YOUR INSTRUCTIONS -
Write out the listing from the line with "안에서 바꾸는 것입니다'" to the line with "IDs: On the", both lines included, exactly and nothing beyond. Leave pictures out.

=-=-=

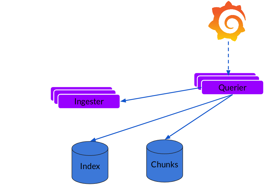 读取就非常简单了,由Querier负责给定一个时间范围和标签选择器,Querier查看索引以确定哪些块匹配,并通过greps将结果显示出来。它还从Ingester获取尚未刷新的最新数据。
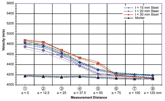 Even though the results with the steel plates showed a clear difference from the mortar results, the distinctions between different thicknesses overlapped somewhat, especially considering the band created by the standard deviation. The measurement results showed that it was quite possible to consider the effect of the steel plate when determining the compressive strength of concrete using ultrasonic testing, as shown in Figure 8.
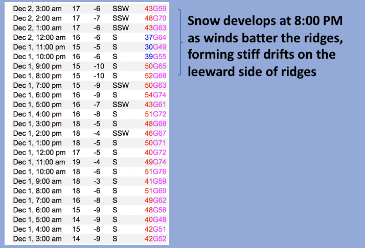 South and southwest winds crank at mid and upper elevations, easily whipping new snow into stiff, hard drifts. Remember- hard, dense snow can give us a false sense of snow stability, allowing us to travel further out onto a slope before it fails and brings the entire roof down on top of us. Found mostly on the leeward side of upper elevation ridges, due to the strength and duration of winds, I'd also be on the lookout for fresh drifts around terrain features like chutes and gullies. In either case, both new and older drifts now rest on weak, faceted, older snow and that means avalanches are gonna be easy to trigger.
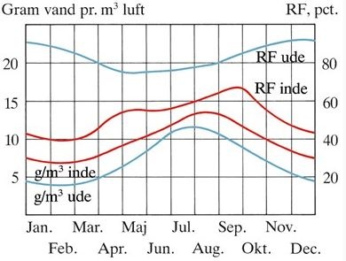 Ved projektering og lægning af trægulve skal der tages hensyn til de uundgåelige dimensions ændringer, der vil forekomme som følge af ændringer i de omgivelser, hvor trægulvet ligger. Over året varierer luftens fugtindhold, dette påvirker trægulve.På figur 1 ses hvorledes luftens absolutte fugtighed og luftens relative fugtighed variere over året,
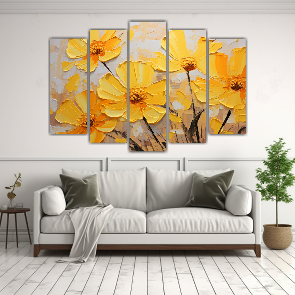 Conjunto 5 Lienzos Tela Inspiración Equilibrio Amarillo Flores
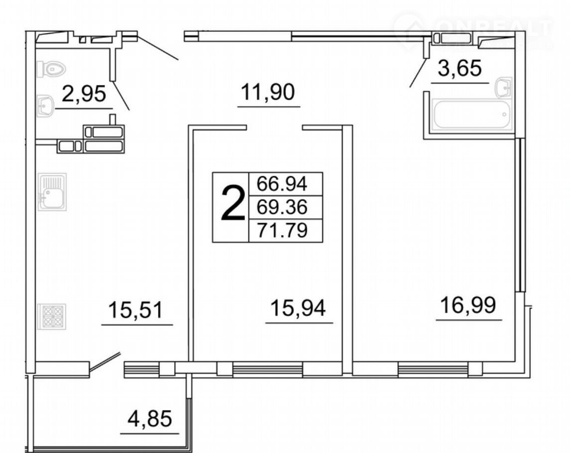 Общая площадь 71.9 м2
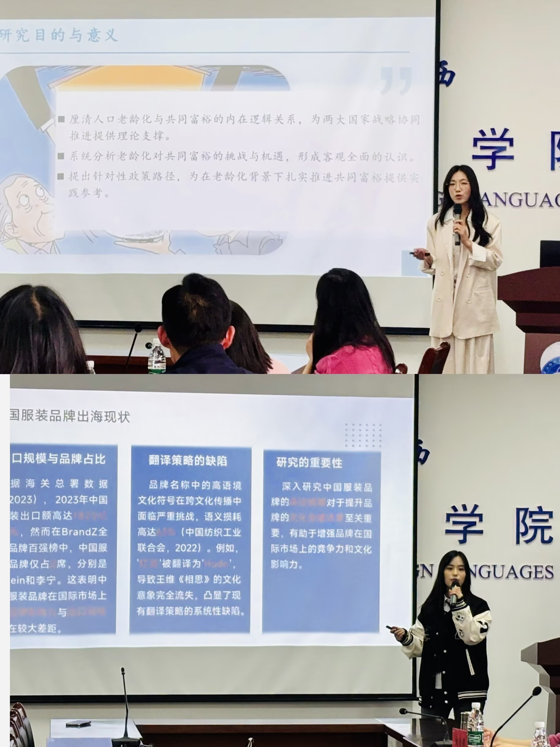 本次论坛上,来自管理、经济、外语及马克思主义皇冠体体育官网的20名研究生依次登台,从研究背景、理论框架、实证分析到结论展望,围绕各自研究领域分享了最新研究成果。研究成果主题多元,既有聚焦数字经济与绿色发展的研究,如人工智能应用与企业污染治理、数字普惠金融与农业绿色技术创新、智慧供应链与企业可持续发展等经管类热点议题;也有立足文化传播与语言研究的探索,如中国服装品牌名称英译策略等文化外译类成果;更有扎根中国实践的理论思考,涵盖乡村振兴、共同富裕、基层党建、人口老龄化等马克思主义理论相关课题,充分展现了我校人文社科领域研究生扎实的学术功底、开阔的研究视野与创新的思维能力。
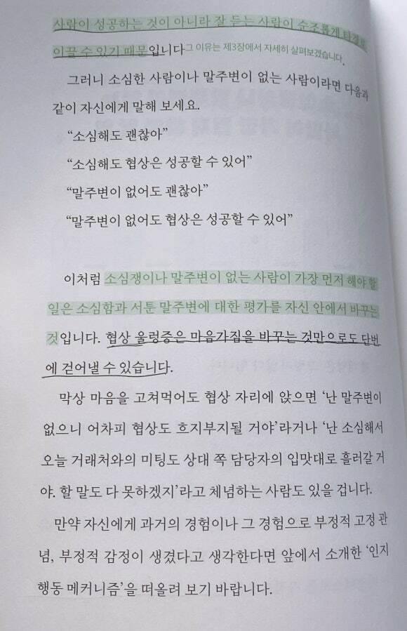'말을 잘하는 사람이 성공하는 것이 아니라 잘 듣는 사람이 순조롭게 타결로 이끌 수 있기 때문에 소심한 사람들이 가장 먼저 해야 할 일은 소심함과 서툰 말 주변에 대한 평가를 자신 안에서 바꾸는 것입니다'
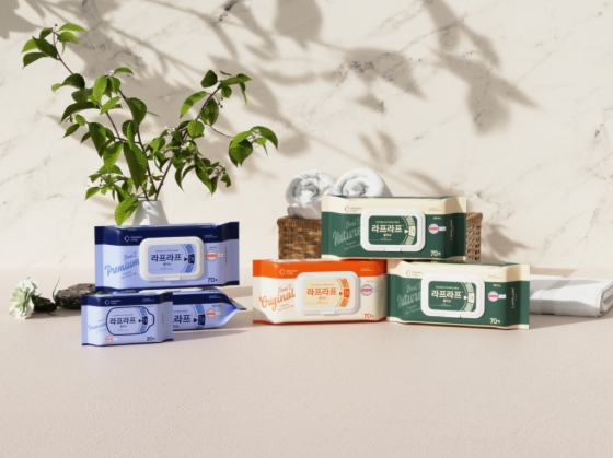'라프라프 물티슈'는 아기 피부에 가장 가까운 약산성(3.5~6.5pH)의 부드러운 저자극 케어 제품으로, 전 성분에 대해 안전성 테스트를 거친 원료만을 사용해 신생아부터 가족 모두 안심하고 사용할 수 있도록 고안됐다.
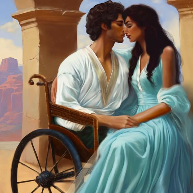 IDs: On the left, the cover art of the first book, Queen of Shifting Sands. Lystra looks over a desert, holding a dagger. In the middle, Lystra and Elerek lean in for a kiss. Lystra wears a seafoam gown and Elerek wears a loose white shirt in an old-fashioned wheelchair. On the right, the cover art for the second book, King of Star-cast Skies. Elerek looks over splashing ocean.
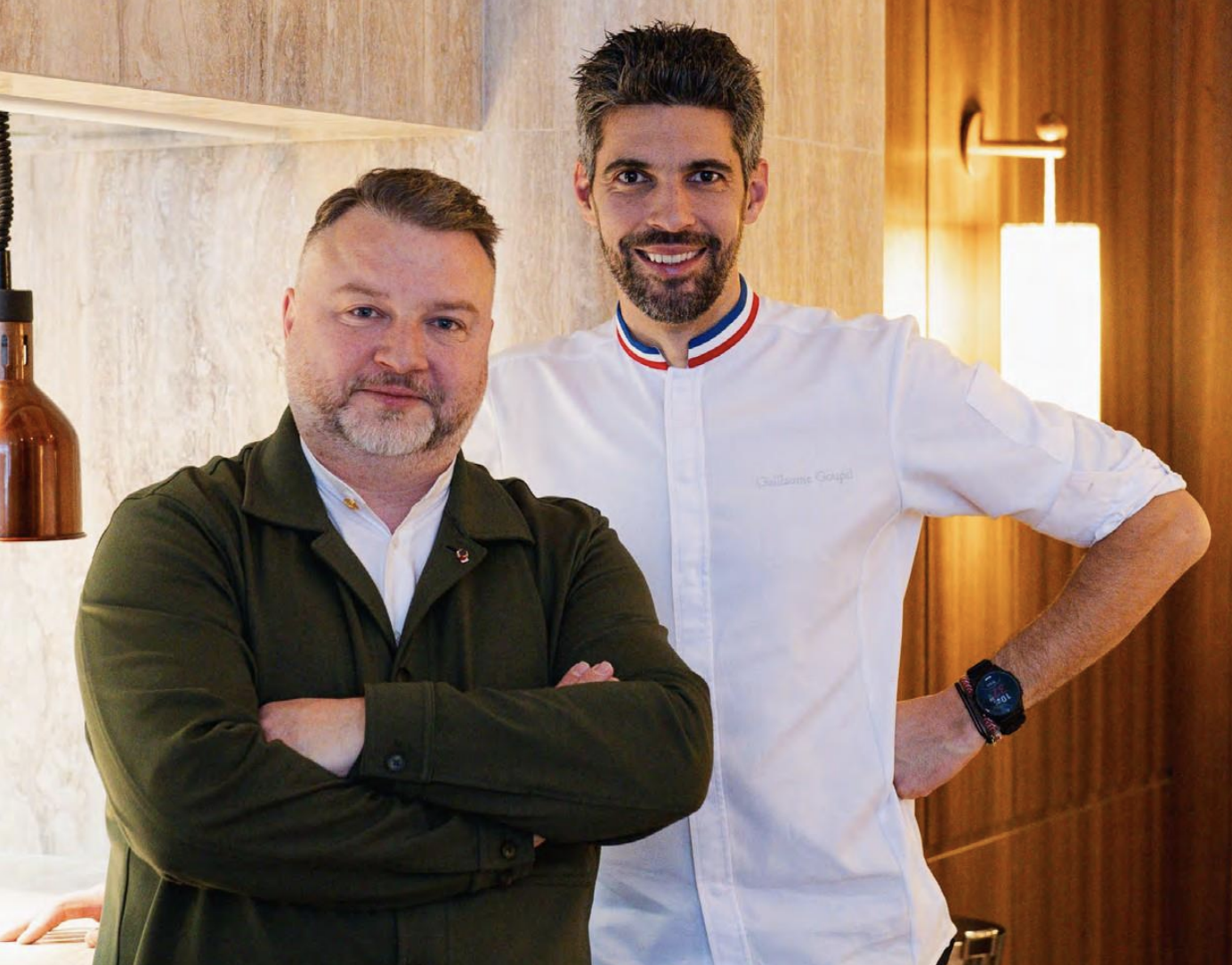 Le décor, signé par Arnaud Behzadi et Florence Bamberger, mêle courbes modernes, boiseries chaleureuses et fresques artistiques. À quelques pas, le restaurant bistronomique Fogo conserve quant à lui son identité, autour de la braise et des saveurs intenses. Guillaume Goupil a rejoint l’aventure de ces deux adresses parisiennes en octobre dernier.
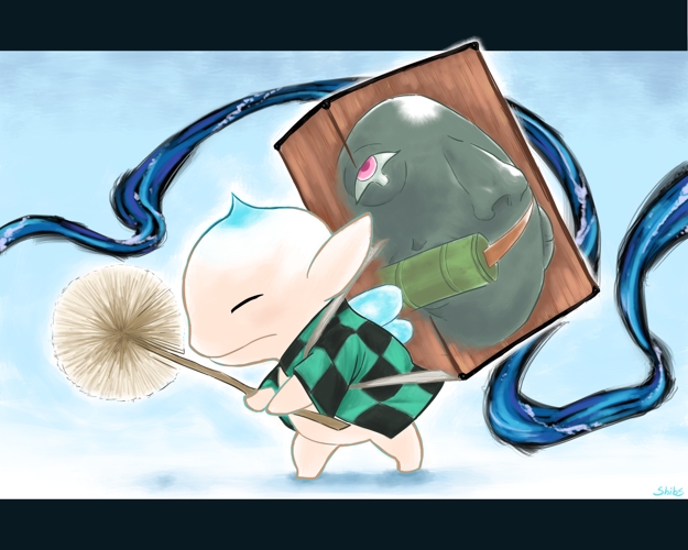 Inktober day 4! It's been a while since I made something a bit cursed, so here, have an impossible crossover of Puck and Becchi with Tanjiro and Nezuko. I decided it'd be better with color this time. #inktober2021 #Inktober #Berserk #kimetsunoyaiba
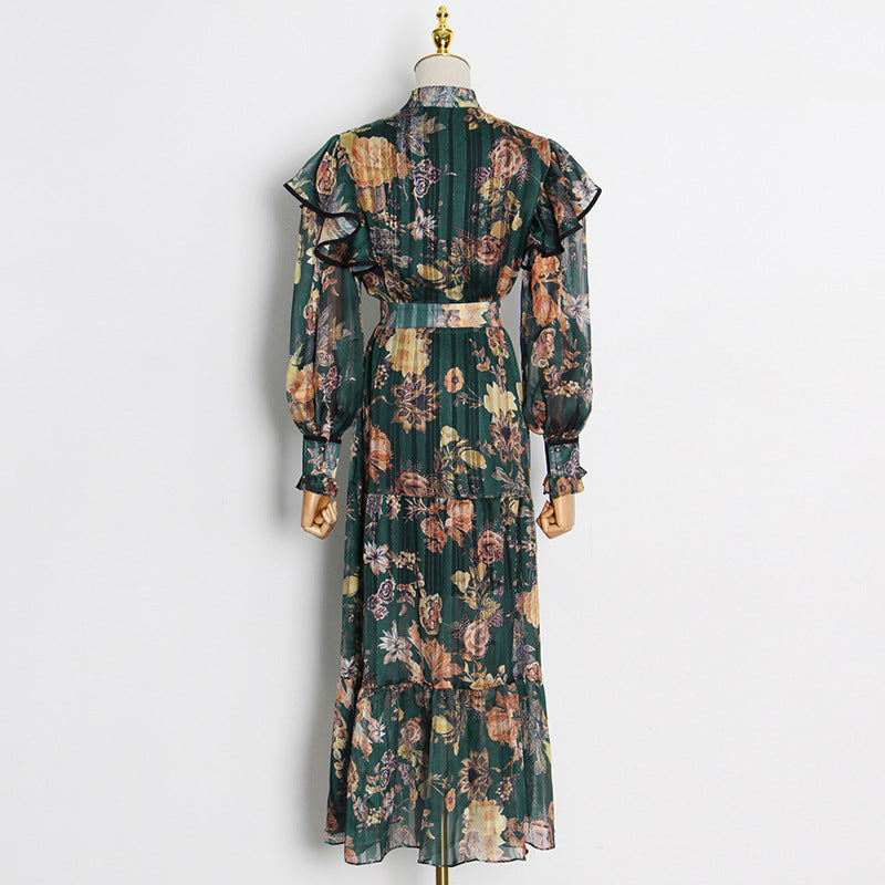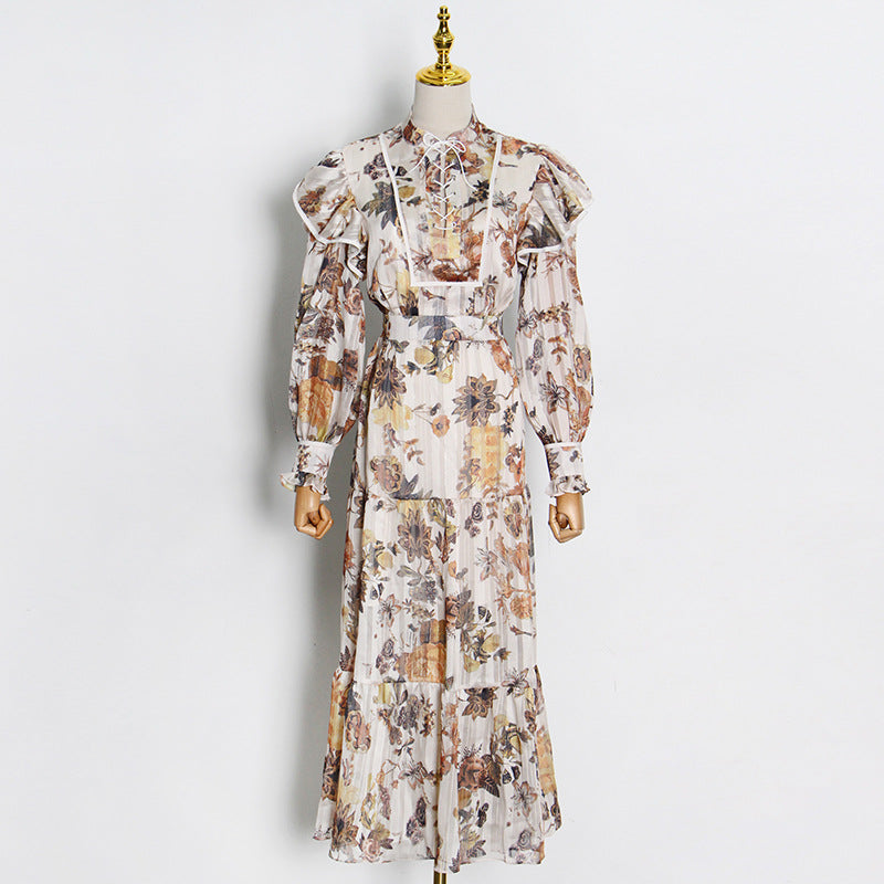Betty Draper Valentine's Day Dress Spring Vintage Printed Collar Long Dress
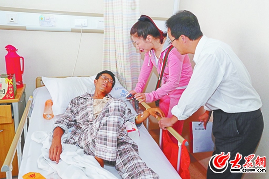 近日,金天德師傅見義勇為身受重傷的事跡經媒體報道后,引發了廣大島城市民的強烈關注。16日,市北區委政法委副書記、市北區見義勇為協會秘書長劉國穎一行人來到海慈醫院,看望慰問金天德。“知道他的事情后,我們區里高度重視,經過申請,市北區社會管理綜合治理委員會已會同市北區見義勇為協會聯合下發文件,授予金天德‘市北區見義勇為先進分子’榮譽稱號,并向市綜治委推薦其為市級見義勇為先進分子。這是2013年6月我們成立‘市北區見義勇為協會’以來表彰的第一位先進分子。”劉國穎在詢問了金天德的病情及身體恢復情況后,為他送上了慰問金15000元。
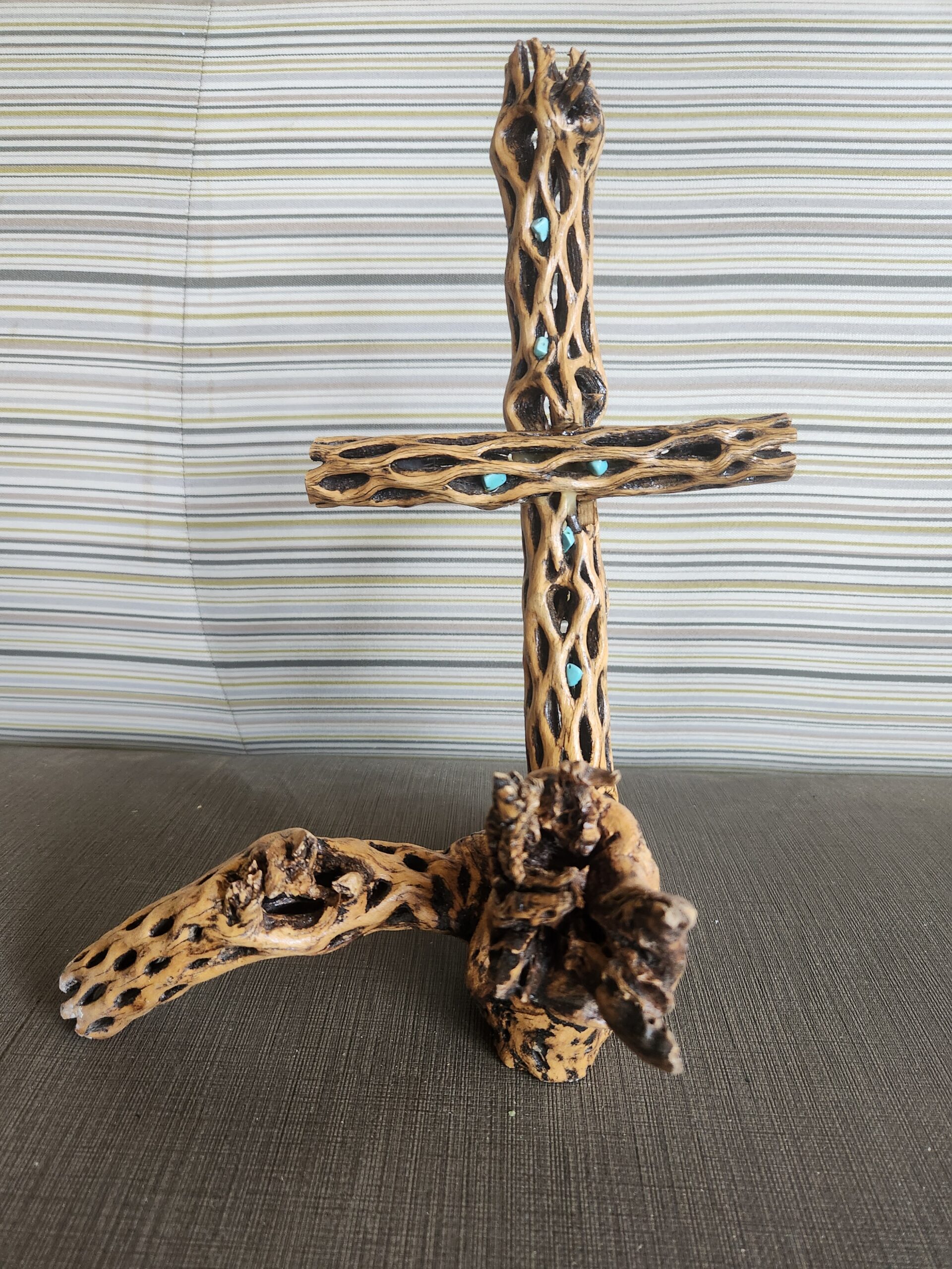 Rudy’s unique medium is the skeleton of the cholla cactus, gathered sustainably from the land around his home in Northern New Mexico. The process is one of patience and reverence: the dried cholla is cleaned, stabilized, and meticulously hand-finished to reveal its porous, intricate structure. This natural, rugged material is then transformed into sacred items, including functional walking canes and traditional crosses.
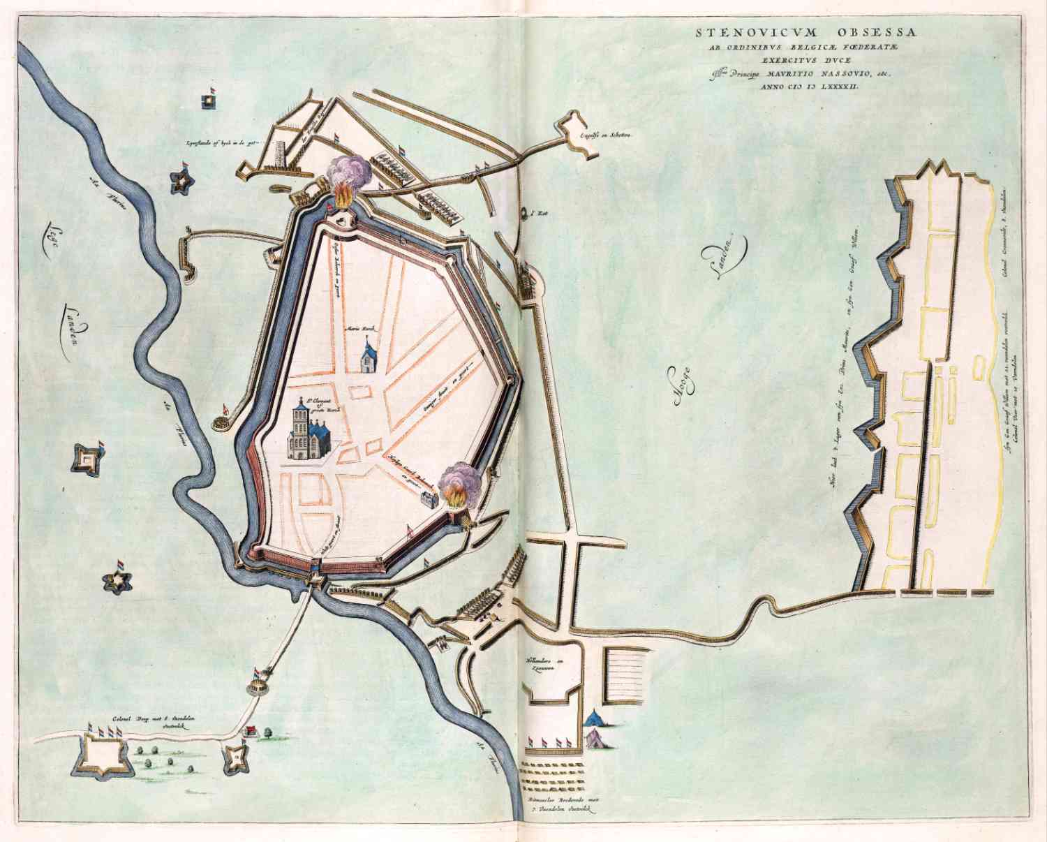 Kaart van het beleg van Steenwijk in 1592, uitgegeven in 1649 door Blaeu.
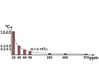 Trenutna koncentracija CO2 u atmosferi je oko 400 ppm. Iz grafikona je vidljivo da daljnje dodavanje većih količina ugljikovog dioksida dodaje vrlo malo topline izražene preko globalne temperature.
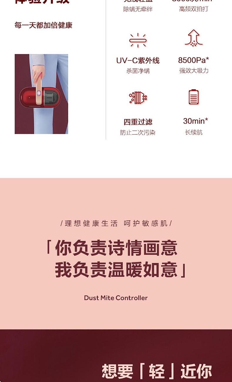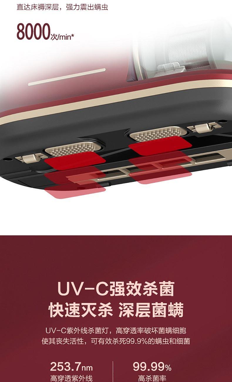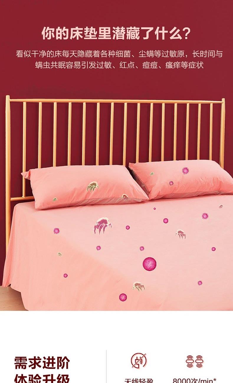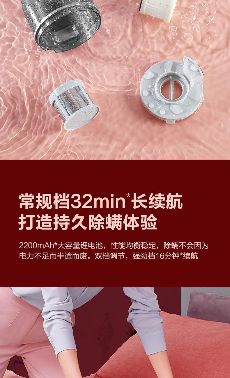 功率(W):140 额定电压(V):14.4 噪音(dB)A:66.3 真空度(Kpa):8.5 电池容量(mAh):2200 续航时间(min):高16低32 尘杯容积(L):0.25L 过滤:重 产品重量(kg):1.2 产品尺寸(mm):250*230*130 拍打次数(次/min):8000 1. 无线除螨-减少电源线带来的二次污染,没有线的羁绊,让你爱上除螨 2. UV-C紫外线管-253.7nm波长紫外灯可杀死大量细菌螨虫等微生物
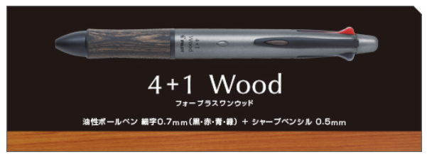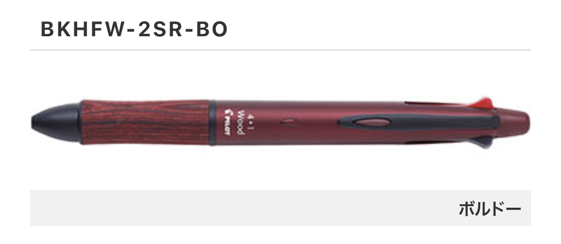 品番 BKHFW-2SR-BO ボルドー 製品の特徴 4色ボールペン+シャープペンシル ボールペン4色(黒・赤・青・緑)とシャープペンシルを搭載した多機能筆記具です。 4色のボールペンをシチュエーションごとに使い分ければ、筆跡を見やすくコーディネートできます。シャープペンシルなら思ったこと、感じたことをためらうことなくスピーディに書き消しできます。 木製グリップ グリップに樹脂含浸カバ材を使用。手になじむ木の温もりを お楽しみいただけます。 ~樹脂含浸カバ材~ 薄い木材板に圧力釜で樹脂を含ませ、幾層にも重ねて 熱圧成形した素材です。 強度と耐久性だけでなく温もりと美しさを兼ね備えています。 上質感あふれる塗装・金具 落ち着いた色合いのマット塗装と金具の黒色仕上げにより、上質感を演出しています。
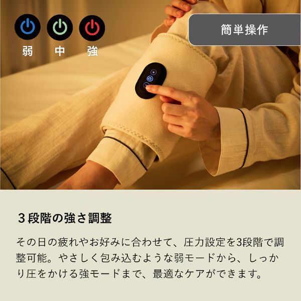 その日の疲れやお好みに合わせて、圧力設定を3段階で調整可能。やさしく包み込むような弱モードから、しっかり圧をかける強モードまで、足の状態に合わせた最適なケア。

=-=-=

EXERCISE SOLUTION -
'말을 잘하는 사람이 성공하는 것이 아니라 잘 듣는 사람이 순조롭게 타결로 이끌 수 있기 때문에 소심한 사람들이 가장 먼저 해야 할 일은 소심함과 서툰 말 주변에 대한 평가를 자신 안에서 바꾸는 것입니다'
'라프라프 물티슈'는 아기 피부에 가장 가까운 약산성(3.5~6.5pH)의 부드러운 저자극 케어 제품으로, 전 성분에 대해 안전성 테스트를 거친 원료만을 사용해 신생아부터 가족 모두 안심하고 사용할 수 있도록 고안됐다.
 IDs: On the left, the cover art of the first book, Queen of Shifting Sands. Lystra looks over a desert, holding a dagger. In the middle, Lystra and Elerek lean in for a kiss. Lystra wears a seafoam gown and Elerek wears a loose white shirt in an old-fashioned wheelchair. On the right, the cover art for the second book, King of Star-cast Skies. Elerek looks over splashing ocean.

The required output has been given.